После еще нескольких бутылок разговор вновь повеселел. Осберт начисто забыл, что там ему открыл Писарь и спорил с Фатэлем о том, где пекут лучшие гаанские лепешки. Осберт быстро иссяк. Он захрапел еще до темноты. Фатэль сразу отряхнулся от веселья, стал задумчивым. Тогда Писарь понял, улыбается Фатэль только ради друга.
— Как тебе наш город, Писарь? Интересно, каким его видят из замка?
— Я живу не многим лучше твоего.
— И все-таки ты редко сворачиваешь с главной улицы. Не знаешь Гнилья. Не знаешь людей, которым нечего есть. Без окраины Гаана наверняка кажется прекрасной. Хотел бы я видеть ее такой.
— Люди сами выбирают, как жить. Если не нравится, борются. Одни падают, другие поднимаются, вечная круговерть. — Писарь поводил чашей по столу.
— Бороться или сдохнуть, небогатый выбор для ребенка, что родился в неудачном доме.
— Королева помогает детям. У нее целый выводок бывших бродяжек.
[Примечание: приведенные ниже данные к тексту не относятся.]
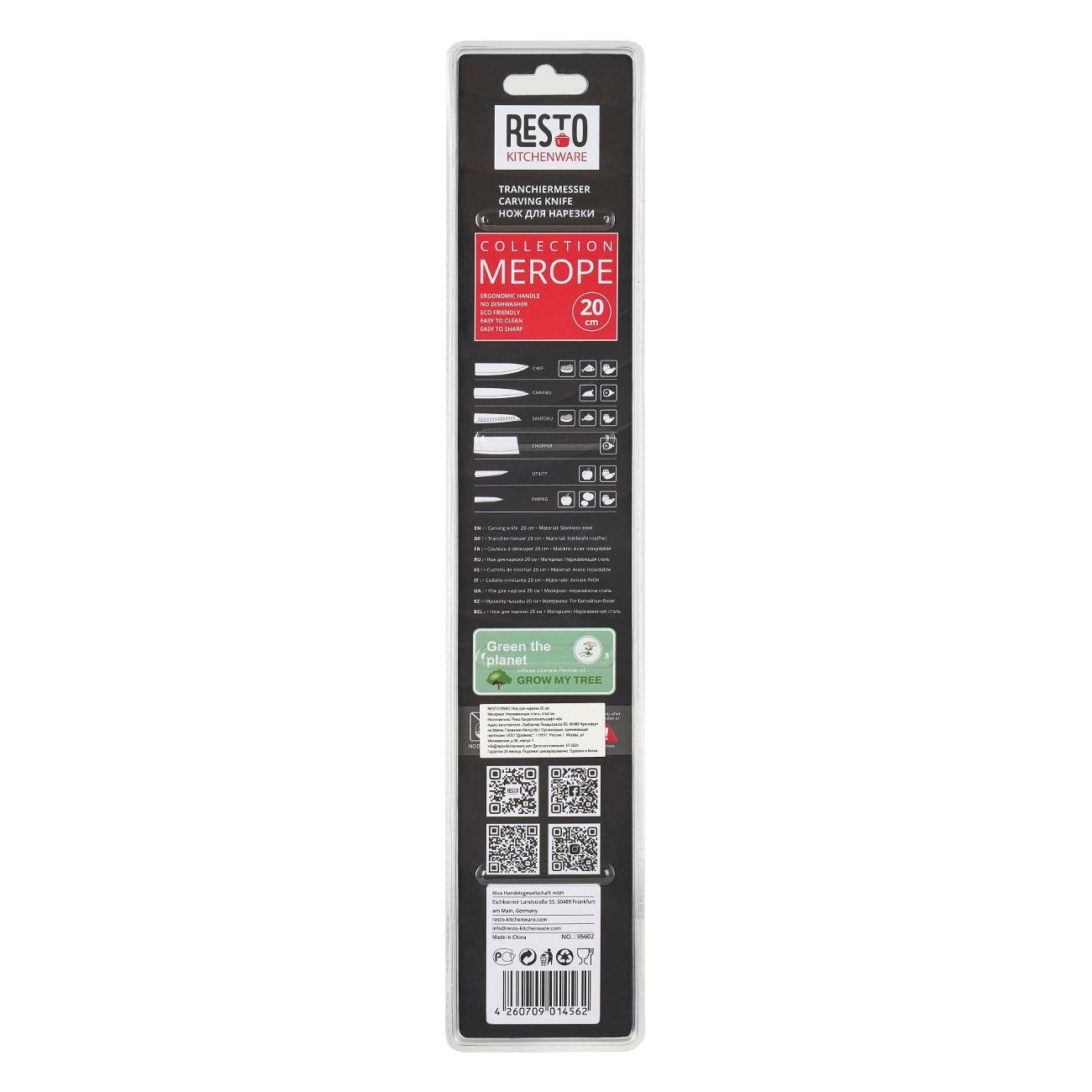 Вы можете купить Нож Resto разделочный, 20 см в магазинах М.Видео по доступной цене. Нож Resto разделочный, 20 см: подробное описание, фото и отзывы реальных покупателей, характеристики, возможность скачать инструкции и подобрать аксессуары.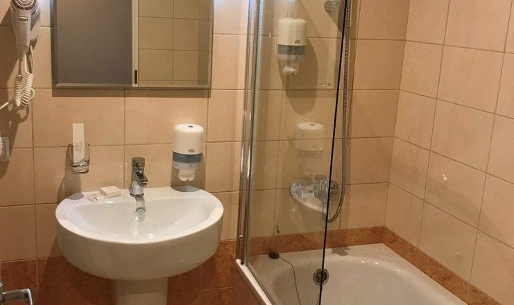 Санузел: ванна или душ, раковина, унитаз, фен, туалетные принадлежности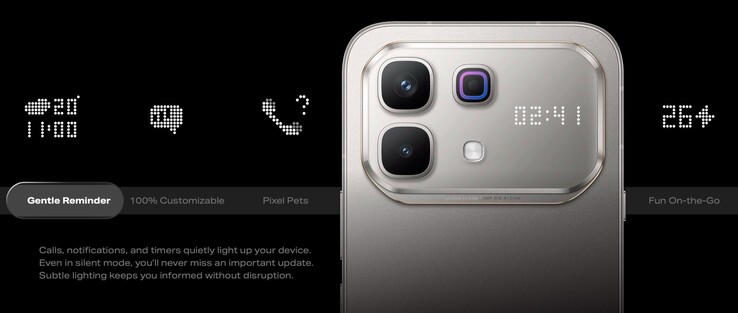 Höljet har också några unika element. För det första en programmerbar åtgärdsknapp som bland annat kan starta en AI-assistent eller öppna kameraappen. För det andra en punktmatrisdisplay i kameramodulen som kan indikera inkommande meddelanden, visa tiden eller visa ett virtuellt husdjur. Slutligen, en "Health Monitor" - det som ser ut som en kameraknapp är i själva verket en hjärtfrekvens- och SpO2-sensor. För att göra en mätning placerar användaren helt enkelt sitt finger på sensorn i 30 sekunder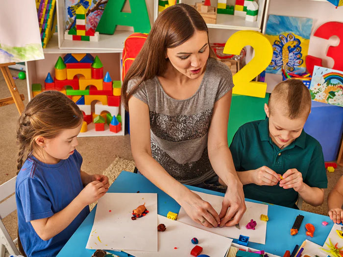 Le kit comprend également une notice « pas à pas » pour guider les enfants dans leurs premières créations (formes simples, reliefs à modeler à la main ou avec des outils).

— Когда обеспеченный человек занимается простой работой, он никогда не поймет, не станет ближе к народу. Ведь он в форме остается важным господином, завтра он снова будет решать важные проблемы, а простой бедняк трудится с мыслью, что он будет копаться в этом дерьме всю жизнь. Это убивает больше всего, этого не понять королям.
Отвечать Писарь не стал. Эти слова казались слишком важными для Фатэля, чтобы начинать спорить. Еще выпили. Фатэль, кажется, вовсе не пьянел. Писарь любовался темнеющим небом. Хотелось спать.
— Надеюсь, когда-нибудь к нам придет другой король. Кто-нибудь, кто не хочет пиров, золота и свиты. Кто-нибудь, кто отнесется к короне, как к бремени, кто положит жизнь за других. — Фатэль встал и закачался к хижине.
— Кто, например? — спросил Писарь вдогонку.
— Не знаю. Человек с огнем в голове.
Талли
Проснулся Писарь от косого солнца. Рядом Осберт с Фатэлем снова опрокидывали невесть какую чашу. Осберт заметил его пробуждение.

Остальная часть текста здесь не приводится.